GNOME Bugzilla – Bug 764372
h264parse removes padding from byte streams
Last modified: 2018-11-03 13:48:21 UTC
When using h264parse element without a conversion (bytestream to bytestream), it removes padding bytes from the original h264 stream. Producing a real constant bitrate is then not possible anymore. This can be reproduced with the following command line (you need 10Bit libx264): # gst-launch-1.0 videotestsrc ! video/x-raw,width=1920,height=1080,format=I422_10LE,framerate=25/1 ! x264enc trellis=false option-string=avcintra-class=100 ! video/x-h264,stream-format=byte-stream ! h264parse ! mpegtsmux ! filesink location=test.ts Every frame should then have exactly 568832 bytes. But checking the file test.ts with ffprobe gives different frame sizes for every frame. The frames sizes can be checked with: # ffprobe -show_frames test.ts | grep pkt_size Removing the "h264parse" element from the above pipeline and checking the frame sizes gives the expected size of 568832 bytes for every frame.

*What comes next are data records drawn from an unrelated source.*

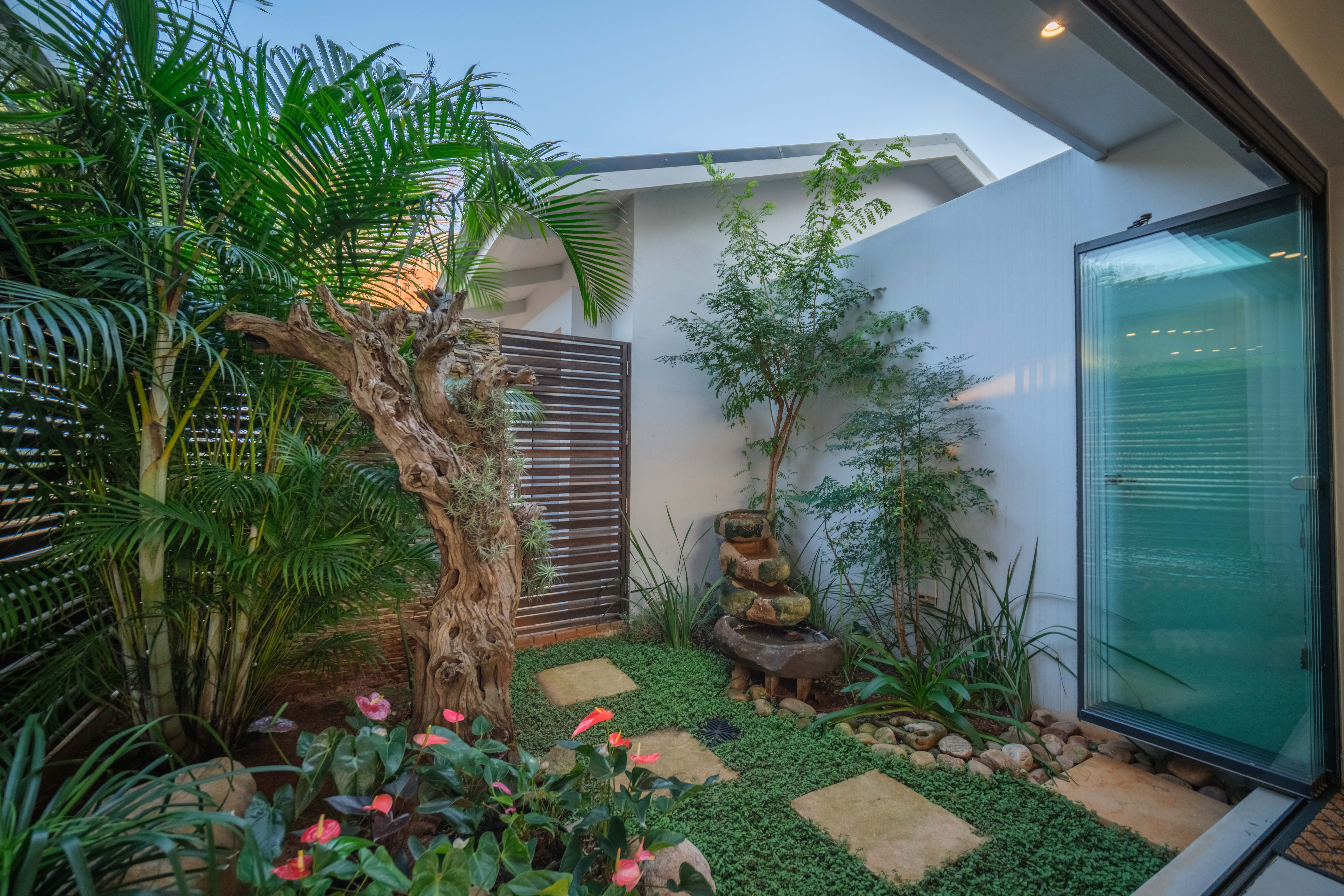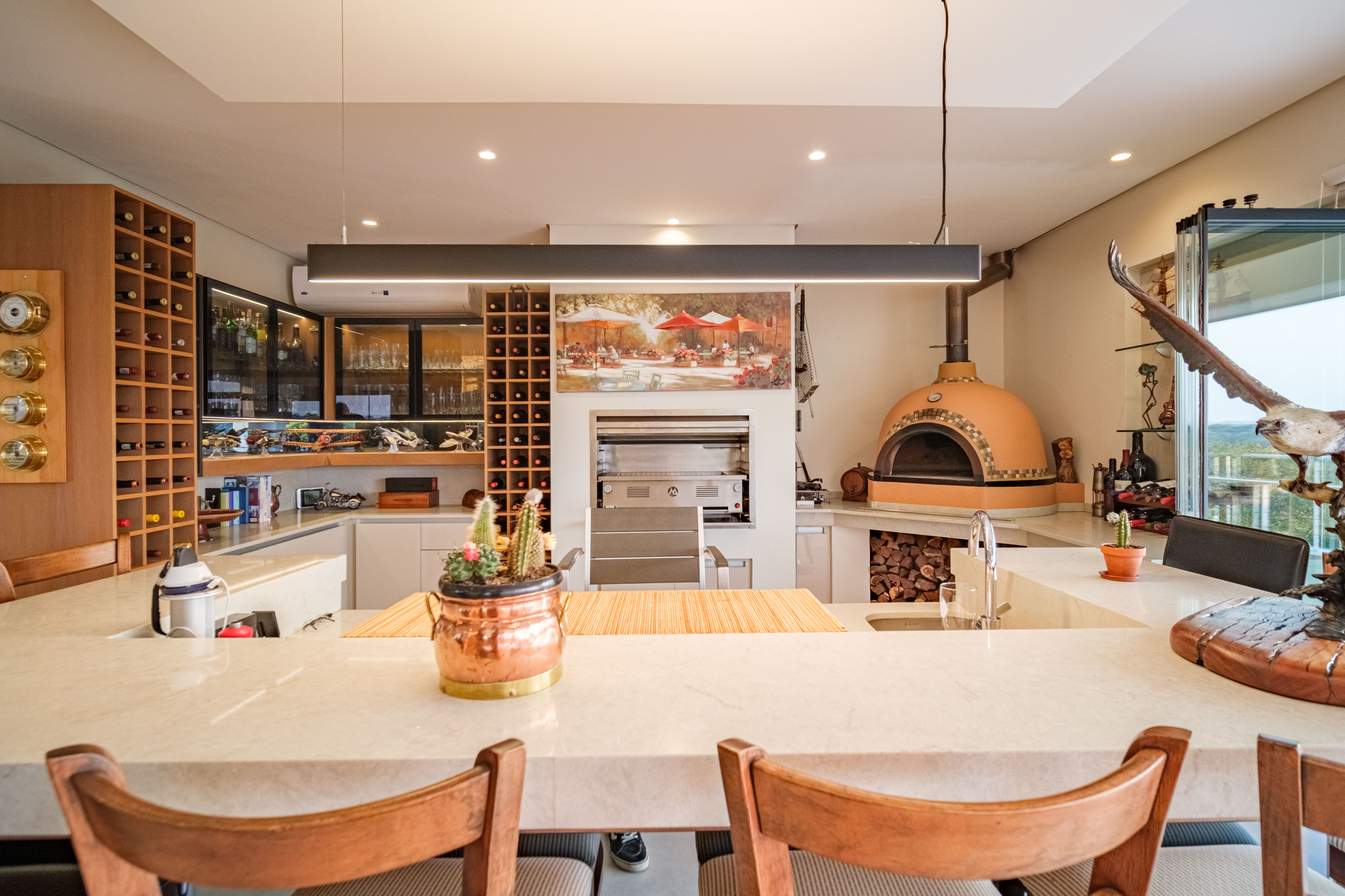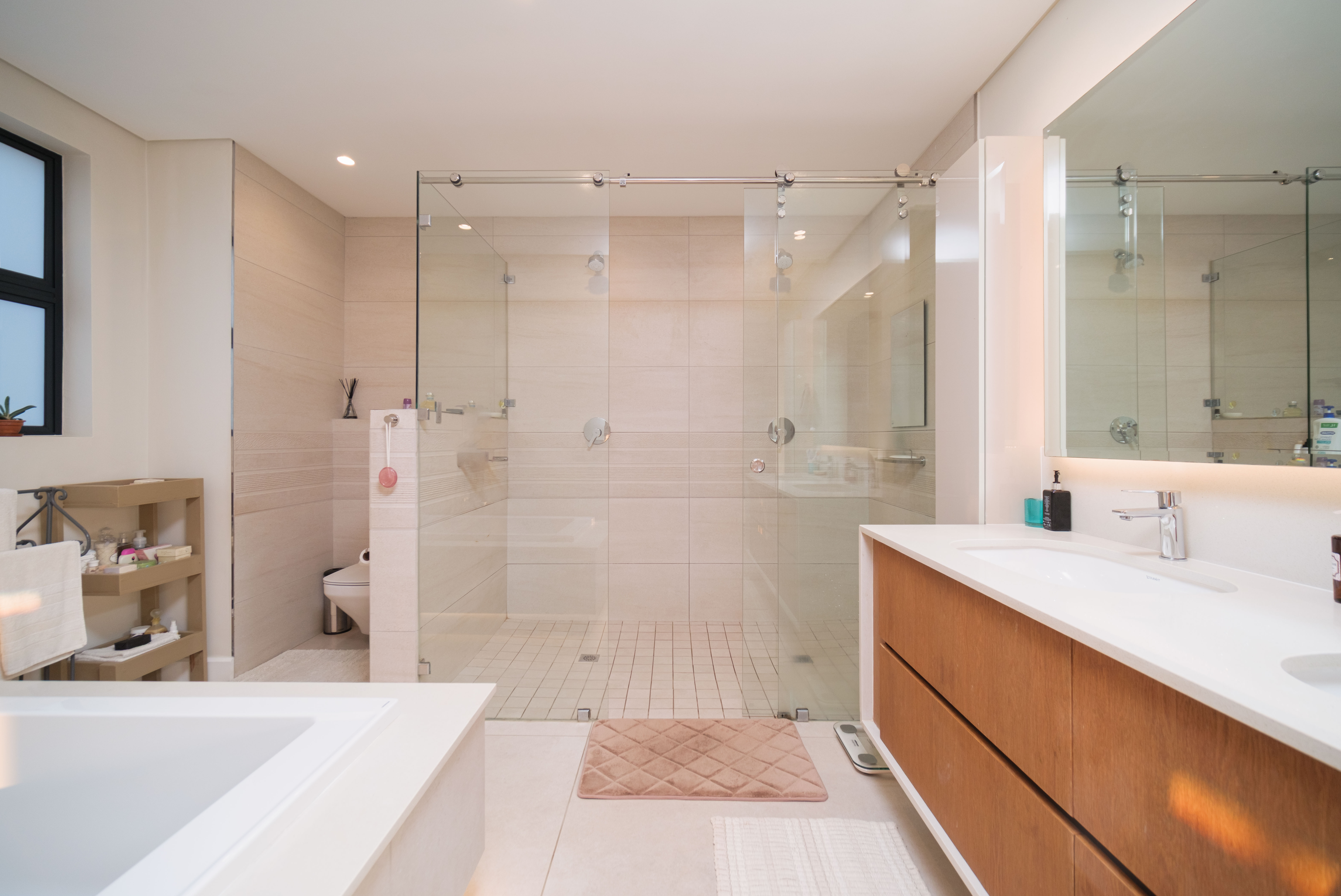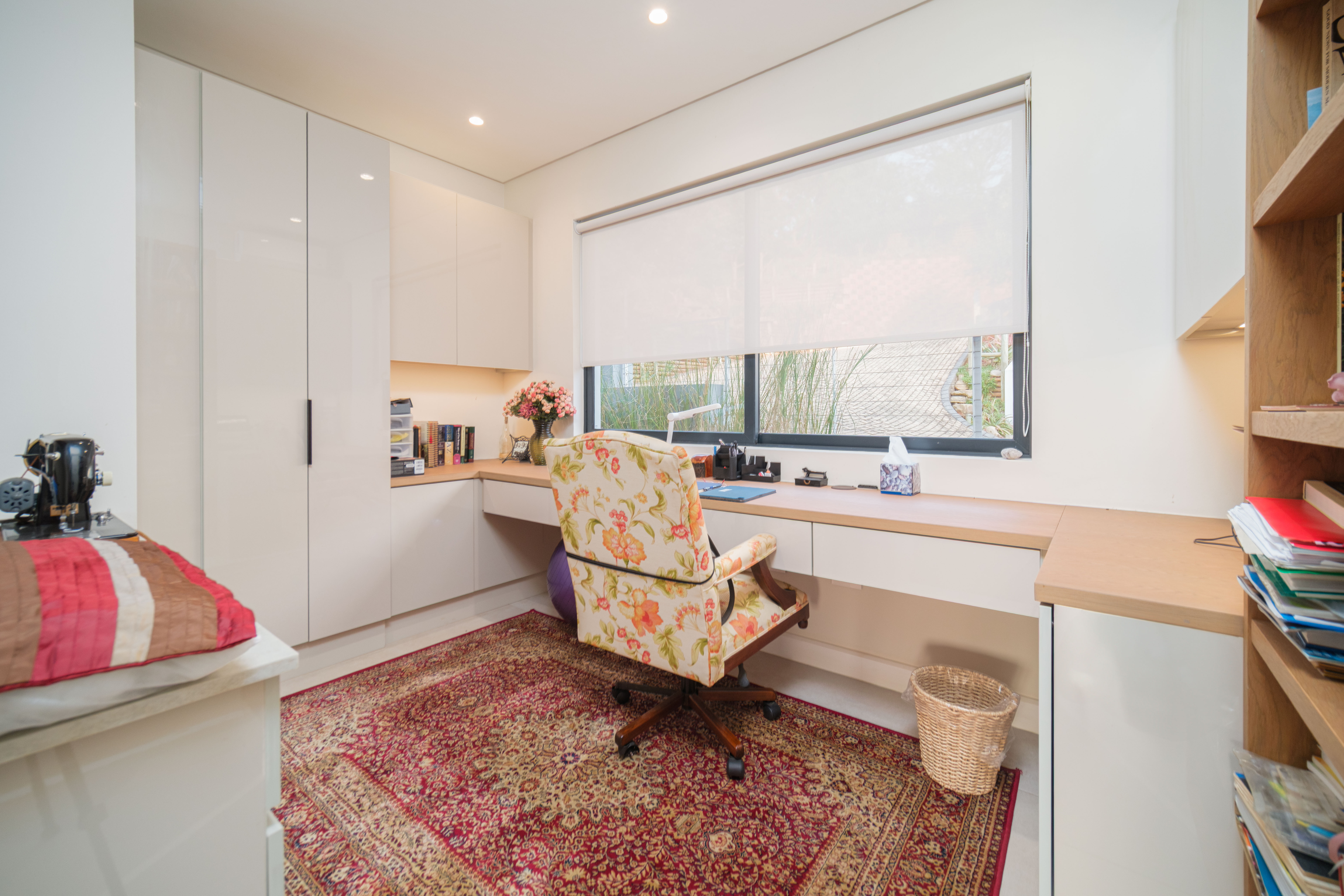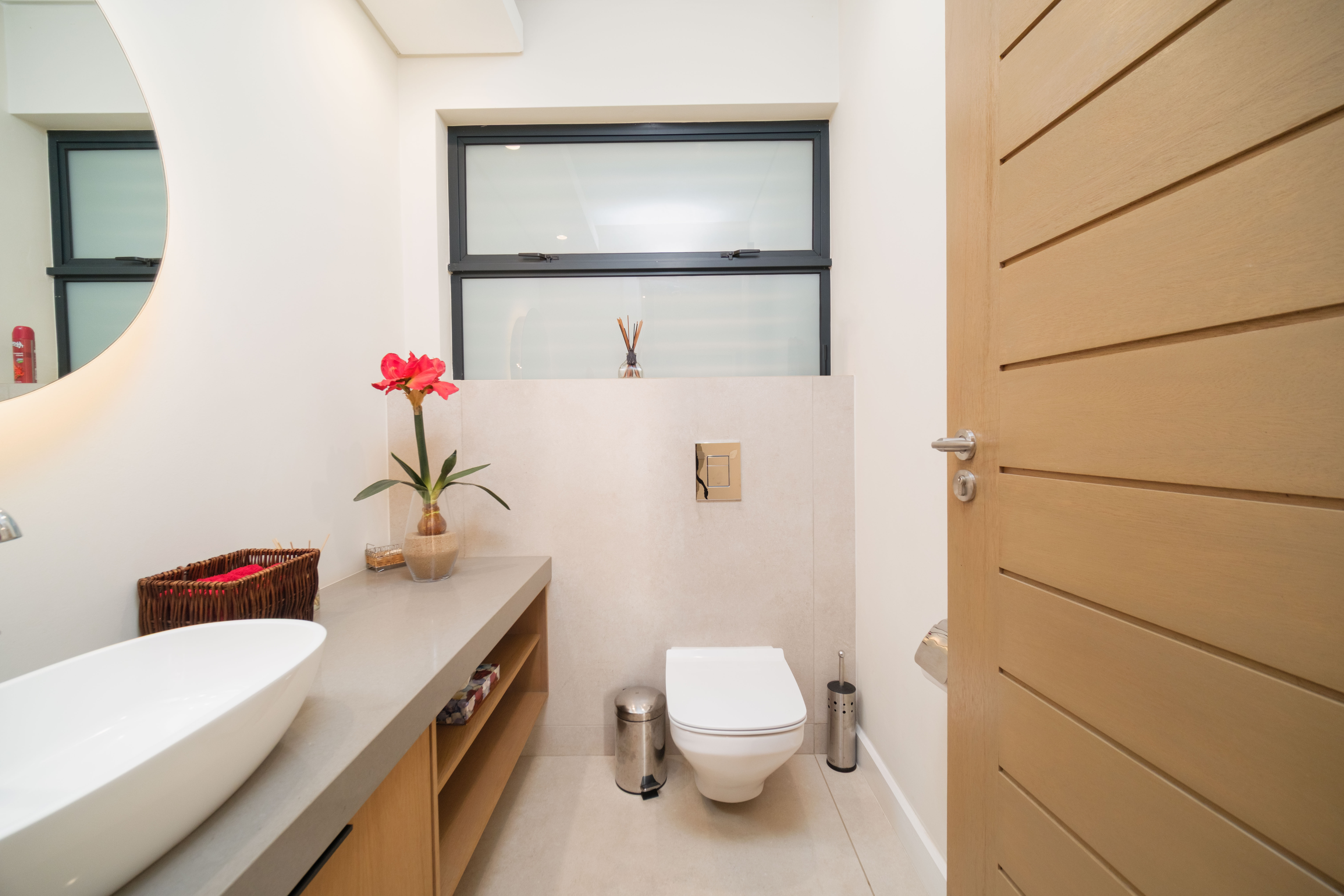The bespoke designer kitchen, featuring sleek cabinetry and a separate scullery, anchors the integrated living areas that flow into a formal dining room overlooking a landscaped atrium, dual lounge spaces, and a superbly appointed bar complete with a built-in braai and pizza oven. A sophisticated office with poolside views and outdoor access provides an inspiring workspace, complemented by a second office located on the walk-in level. A lavish ground-floor bedroom suite enjoys direct garden access and tranquil poolside vistas through a wall of glass doors, offering a built-in dressing table, a luxurious dressing area, and a sumptuous full bathroom with premium finishes.
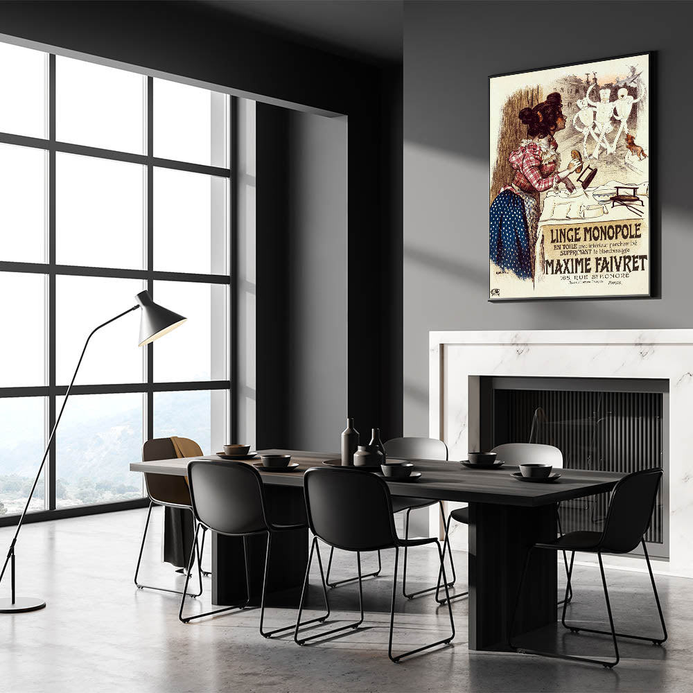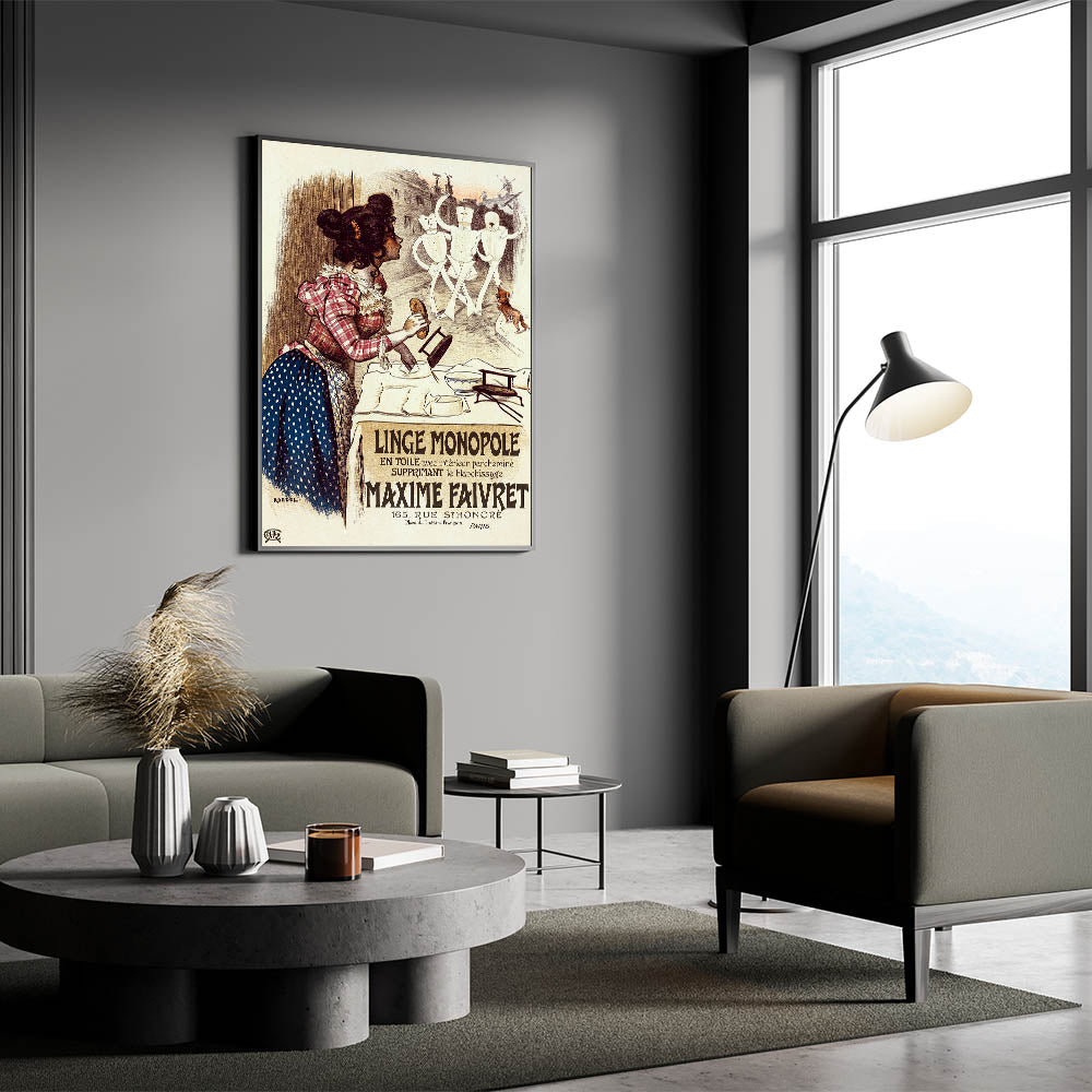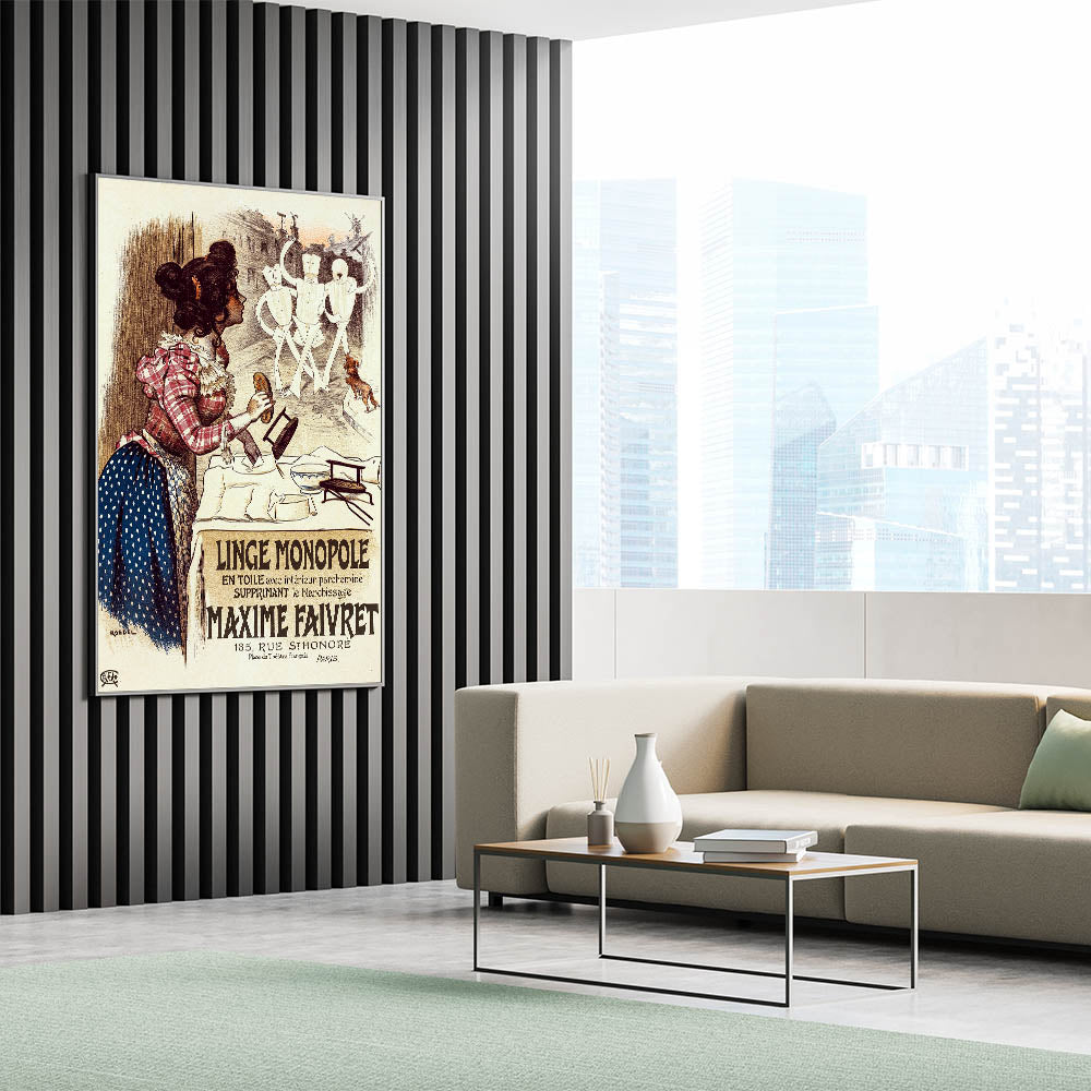 Bring a touch of vintage charm into your home with this vintage advertisement poster for Linge Monopole. Featuring a playful scene of a woman watching animated mannequins, this retro art print combines humor and historical style. With its warm tones and lively characters, the poster promotes the Maxime Faivret laundry service, highlighting its revolutionary textile treatment that eliminated the need for bleaching.
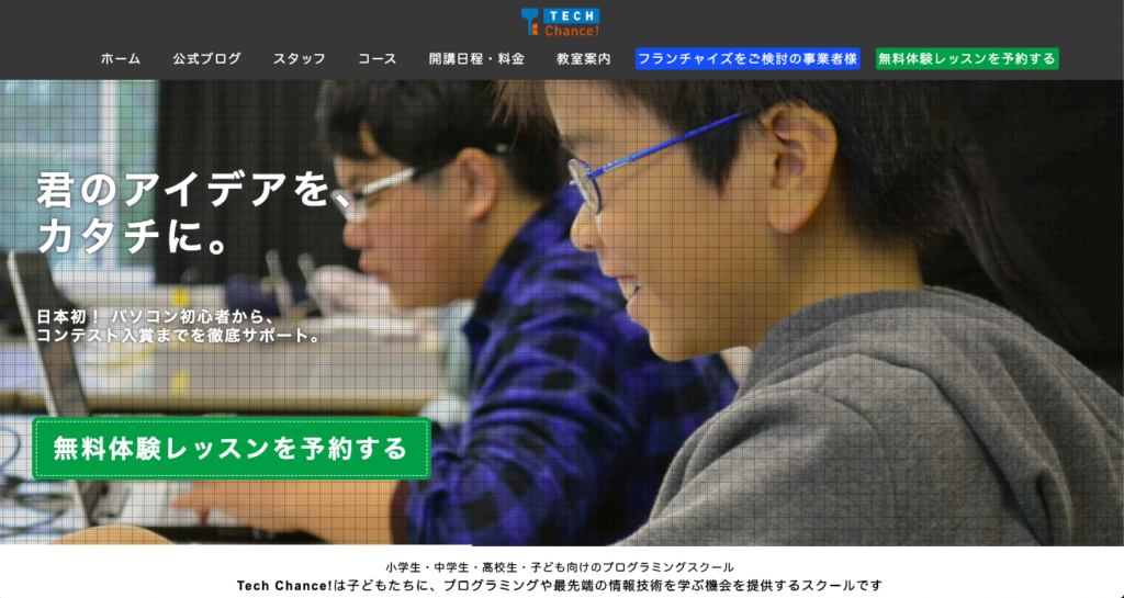 Tech Chance! は、小学生から高校生を対象としたプログラミング教室で、対面教室とオンライン教室の両方を展開しています。

Like all other parsers, it shouldn't drop any padding or other information by default. There's going to be a reason why it exists.
https://cgit.freedesktop.org/gstreamer/gst-plugins-bad/tree/gst-libs/gst/codecparsers/gsth264parser.c#n1366 The problem is this, which drops all the padding from the NALUs. Commenting out that code gives almost the correct size (it produces a bit more for some reason).
Which was added in https://bugzilla.gnome.org/show_bug.cgi?id=721384 as the spec does not allow trailing zeroes.
In combination I would say that there are incompatible requirements here. AVC Intra (the official one) is all good probably, the Panasonic one we're talking about here seems incompatible with the H264 spec. The Panasonic one requires each frame to be padded with zeroes after the end of the last NALU so that all frames have the same size. H264 forbids a NAL to end with a 0x00 byte (which the padding would do). But it allows 0x00 bytes before the next start code. So we could probably move the padding to the beginning of the next frame, but that again defeats the whole purpose of the padding to make each frame the same size. For AVC stream format this is even worse as the only way to have the padding there would be to make it part of the current frame (i.e. padding at the end of the frame, not valid h264)... as otherwise for the next frame it wouldn't directly start with a NALU after the AVC header and nothing can handle that. Not sure what to do about this here. I guess one could write another element for redoing the padding or having it done in muxers as needed.
I integrated once a Panasonic HW codec, I don't remember having to add padding to make it work. I wonder if this "format" is relevant, if it isn't something from a very old pass ?
See https://en.wikipedia.org/wiki/AVC-Intra "AVC-Intra is compliant with the H.264/MPEG-4 AVC standard[2] and Panasonic claims to follow the SMPTE RP 2027–2007[3] recommended practice specification.[4] Analysis by the x264 project has shown that Panasonic does not comply with this specification[5]" The encoder is already adding the padding, the problem is that h264parse is going to remove the padding :)
(In reply to Sebastian Dröge (slomo) from comment #6) > The encoder is already adding the padding, the problem is that h264parse is > going to remove the padding :) I see, thanks for explaining.
Since this doesn't respect the standard, what we need is a new variant for those panasonic modes so we can workaround the issues properly.